Bug #306
Use of Lucene StandardAnaylzer treats _ as word delimter
| Status: | New | Start: | 04/16/2010 | |
| Priority: | Normal | Due date: | ||
| Assigned to: | - | % Done: | 0% |
|
| Category: | Indexer | |||
| Target version: | 0.7.1 Dione | |||
Description
I am indexing a .c file with a codebase that uses _ to form functions, in the 'StandardAnaylzer' of Lucene, _ is considered a white space character. As such a search for say:
'Is_variable_on' would become 'is variable on' this combined with a minimum word length means that one can not search for 'is_variable_on' instead one is only searching for 'variable' since 'is' and 'on' are below the minimum word length.
History
Updated by Karl Heinz Marbaise 656 days ago
- Target version set to 0.6.2 Calypso
Updated by Karl Heinz Marbaise 638 days ago
Hi Doug,
after enhanced my test repository with an example your problem. I can't see that the queries don't find this kind of names. May be i oversight something? May be you can give more details to make sure that i test the correct things.
Thanks.
Updated by Doug Warren 633 days ago
Sorry I thought I was on notification for bugs, but didn't get an E-Mail. If you wish I can compress and throw on-line example repositories and output as to how I'm calling it that demonstrate the issue.

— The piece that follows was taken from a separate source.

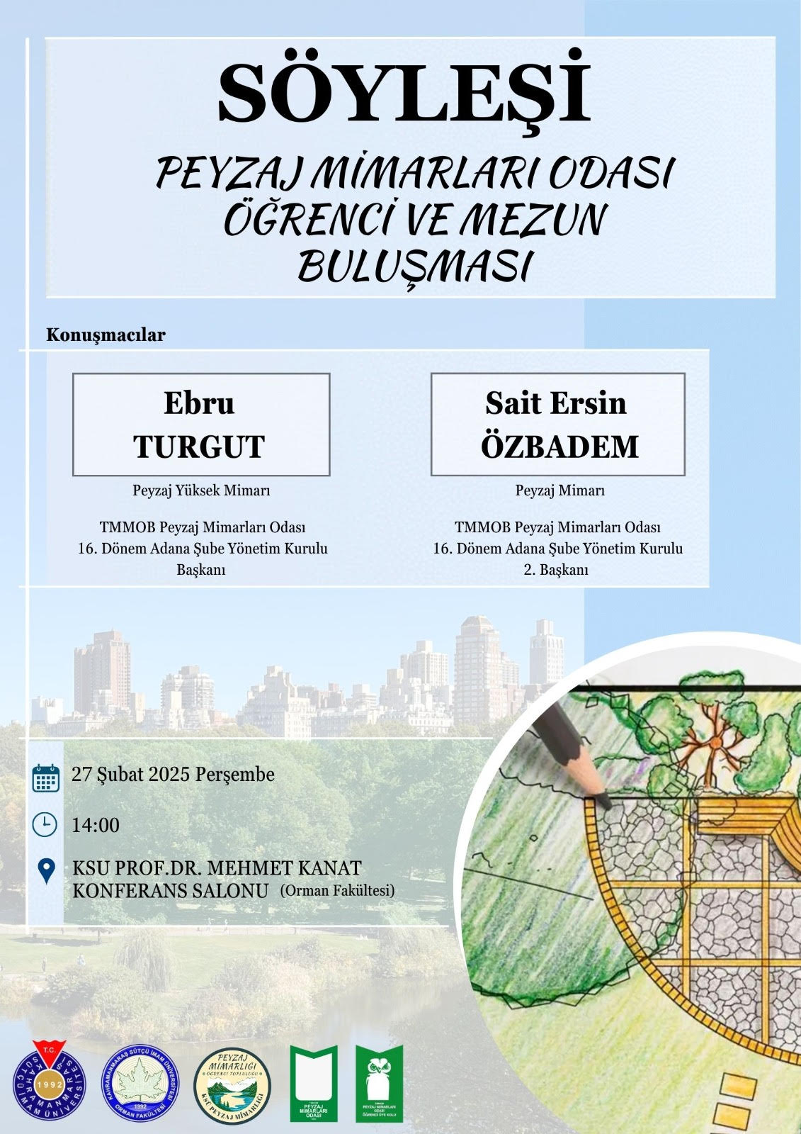 Kahramanmaraş Sütçü İmam Üniversitesi Orman Fakültesi ev sahipliğinde, TMMOB Peyzaj Mimarları Odası Adana Şubesi iş birliğiyle "Peyzaj Mimarları Odası Öğrenci ve Mezun Buluşması" başlıklı söyleşi düzenlenecektir.

Updated by Karl Heinz Marbaise 632 days ago
Hi Doug,
Sorry I thought I was on notification for bugs, but didn't get an E-Mail.
No problem.
If you wish I can compress and throw on-line example repositories and output as to how I'm calling it that demonstrate the issue.
Great. That would be very helpful, cause my Unit test in the current branch can not reproduce the problem.
Thanks in advance.
Kind regards
Karl Heinz Marbaise
Updated by Doug Warren 621 days ago
Karl Heinz Marbaise wrote:
Hi Doug,
Sorry I thought I was on notification for bugs, but didn't get an E-Mail.
No problem.
If you wish I can compress and throw on-line example repositories and output as to how I'm calling it that demonstrate the issue.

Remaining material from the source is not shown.